Patents are granted in individual countries and are only enforceable, per se, in the granting countries. Thus a U.S. patent gives no rights outside of the U.S. But note ...
A U.S. patent holder can block importation and sale of an infringing machine, manufacture or composition of matter in the U.S. and can sue for damages. Suit can be brought against foreign companies in U.S. federal court, so long as the patent holder can serve the infringer.
Furthermore, if the infringer sells the infringing product to a third-party, and the third-party, directly or through a distribution chain, imports and/or sells the infringing product in the U.S., then the infringer, the third-party and the entire distribution chain may be liable for direct (importers and sellers) or indirect infringement (the source of the product and portions of the distribution chain not involved in importing or selling the product).
Services provided via the Internet utilizing a patented process are a special case, where there is no literal importation, but there could be sales or offers to sell in the U.S. A suit in U.S. federal court is possible in such a case.

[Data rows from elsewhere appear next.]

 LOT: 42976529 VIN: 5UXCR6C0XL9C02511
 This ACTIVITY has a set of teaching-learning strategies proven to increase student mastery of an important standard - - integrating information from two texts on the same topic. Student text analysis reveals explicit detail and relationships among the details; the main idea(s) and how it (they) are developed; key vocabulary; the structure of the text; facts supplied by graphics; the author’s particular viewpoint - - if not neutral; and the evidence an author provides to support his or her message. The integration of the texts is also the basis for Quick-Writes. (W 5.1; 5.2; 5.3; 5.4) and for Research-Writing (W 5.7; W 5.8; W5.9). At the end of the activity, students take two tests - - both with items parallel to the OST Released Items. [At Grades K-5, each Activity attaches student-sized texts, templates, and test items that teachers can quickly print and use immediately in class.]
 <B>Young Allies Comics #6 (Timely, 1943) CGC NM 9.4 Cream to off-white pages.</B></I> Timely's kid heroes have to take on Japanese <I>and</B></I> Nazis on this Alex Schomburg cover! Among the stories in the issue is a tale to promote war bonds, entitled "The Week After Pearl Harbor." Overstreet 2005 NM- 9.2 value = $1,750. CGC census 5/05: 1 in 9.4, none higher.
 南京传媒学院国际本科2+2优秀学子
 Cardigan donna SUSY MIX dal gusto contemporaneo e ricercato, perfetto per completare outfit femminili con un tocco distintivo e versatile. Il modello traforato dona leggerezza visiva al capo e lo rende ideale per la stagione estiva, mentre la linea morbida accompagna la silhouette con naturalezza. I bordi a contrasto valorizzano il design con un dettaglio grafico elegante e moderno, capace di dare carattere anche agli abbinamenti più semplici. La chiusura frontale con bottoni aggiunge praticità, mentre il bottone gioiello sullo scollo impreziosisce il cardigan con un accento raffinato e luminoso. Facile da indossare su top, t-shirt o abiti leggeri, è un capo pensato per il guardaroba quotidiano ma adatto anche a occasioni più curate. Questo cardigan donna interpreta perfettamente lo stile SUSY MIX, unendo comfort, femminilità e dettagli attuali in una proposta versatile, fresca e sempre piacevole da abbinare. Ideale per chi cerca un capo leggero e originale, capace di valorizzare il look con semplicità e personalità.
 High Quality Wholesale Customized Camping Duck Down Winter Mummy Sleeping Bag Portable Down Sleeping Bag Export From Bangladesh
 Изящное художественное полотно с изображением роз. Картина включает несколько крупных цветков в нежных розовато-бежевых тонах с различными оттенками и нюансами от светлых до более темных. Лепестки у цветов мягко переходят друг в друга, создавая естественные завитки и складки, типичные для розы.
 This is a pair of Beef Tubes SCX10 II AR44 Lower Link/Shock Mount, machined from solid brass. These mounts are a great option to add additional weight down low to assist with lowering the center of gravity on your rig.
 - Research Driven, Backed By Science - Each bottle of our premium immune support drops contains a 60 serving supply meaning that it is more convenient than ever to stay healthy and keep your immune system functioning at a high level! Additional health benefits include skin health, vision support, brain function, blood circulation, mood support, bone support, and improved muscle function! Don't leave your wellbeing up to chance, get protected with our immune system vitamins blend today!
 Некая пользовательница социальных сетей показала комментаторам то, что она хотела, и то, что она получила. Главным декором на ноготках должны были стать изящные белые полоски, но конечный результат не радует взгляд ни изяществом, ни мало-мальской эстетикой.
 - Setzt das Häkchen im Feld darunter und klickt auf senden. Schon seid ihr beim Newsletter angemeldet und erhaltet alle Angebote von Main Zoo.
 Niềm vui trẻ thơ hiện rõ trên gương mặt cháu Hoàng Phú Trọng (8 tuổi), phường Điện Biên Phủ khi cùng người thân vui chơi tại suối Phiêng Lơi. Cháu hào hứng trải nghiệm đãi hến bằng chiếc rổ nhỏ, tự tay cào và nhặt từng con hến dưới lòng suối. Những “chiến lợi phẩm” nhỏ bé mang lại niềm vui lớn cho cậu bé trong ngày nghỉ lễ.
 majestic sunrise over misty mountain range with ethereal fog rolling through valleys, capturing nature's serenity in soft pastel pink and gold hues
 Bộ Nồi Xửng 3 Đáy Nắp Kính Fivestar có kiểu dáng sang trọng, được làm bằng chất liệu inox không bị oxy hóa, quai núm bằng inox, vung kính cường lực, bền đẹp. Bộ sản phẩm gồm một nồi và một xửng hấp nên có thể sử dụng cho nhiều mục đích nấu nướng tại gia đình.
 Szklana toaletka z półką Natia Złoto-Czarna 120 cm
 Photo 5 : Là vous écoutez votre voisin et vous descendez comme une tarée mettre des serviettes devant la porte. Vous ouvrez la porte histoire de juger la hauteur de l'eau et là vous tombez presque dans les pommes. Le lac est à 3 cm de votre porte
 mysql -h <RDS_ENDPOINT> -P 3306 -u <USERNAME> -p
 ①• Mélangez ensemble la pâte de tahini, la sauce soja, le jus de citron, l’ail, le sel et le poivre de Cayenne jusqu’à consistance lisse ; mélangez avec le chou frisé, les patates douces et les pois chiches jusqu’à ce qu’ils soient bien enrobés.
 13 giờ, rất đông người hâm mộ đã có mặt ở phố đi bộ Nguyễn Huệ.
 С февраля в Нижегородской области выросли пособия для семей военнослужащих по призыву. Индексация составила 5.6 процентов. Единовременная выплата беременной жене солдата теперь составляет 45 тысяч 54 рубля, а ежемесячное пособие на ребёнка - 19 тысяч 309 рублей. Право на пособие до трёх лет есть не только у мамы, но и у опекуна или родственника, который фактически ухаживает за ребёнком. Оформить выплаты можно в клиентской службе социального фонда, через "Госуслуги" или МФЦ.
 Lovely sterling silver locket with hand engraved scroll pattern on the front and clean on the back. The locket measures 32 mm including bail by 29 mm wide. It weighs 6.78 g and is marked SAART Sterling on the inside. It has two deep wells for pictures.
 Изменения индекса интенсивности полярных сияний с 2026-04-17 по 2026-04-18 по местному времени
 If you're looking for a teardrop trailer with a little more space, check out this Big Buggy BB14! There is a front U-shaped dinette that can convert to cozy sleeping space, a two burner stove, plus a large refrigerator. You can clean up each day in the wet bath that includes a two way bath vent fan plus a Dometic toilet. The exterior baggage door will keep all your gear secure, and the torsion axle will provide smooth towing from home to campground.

If you have the money, and particular foreign markets are of interest to you, you can file patent applications in individual countries of interest. Foreign applications can be filed directly with individual countries, or initially via a PCT (WIPO) patent application, followed by instructions to enter national stage in countries of interest. Both paths have their advantages.
But make note, this process can get extremely expensive and litigating in foreign countries is even more expensive. This typically only makes sense for large, well funded companies with large foreign markets.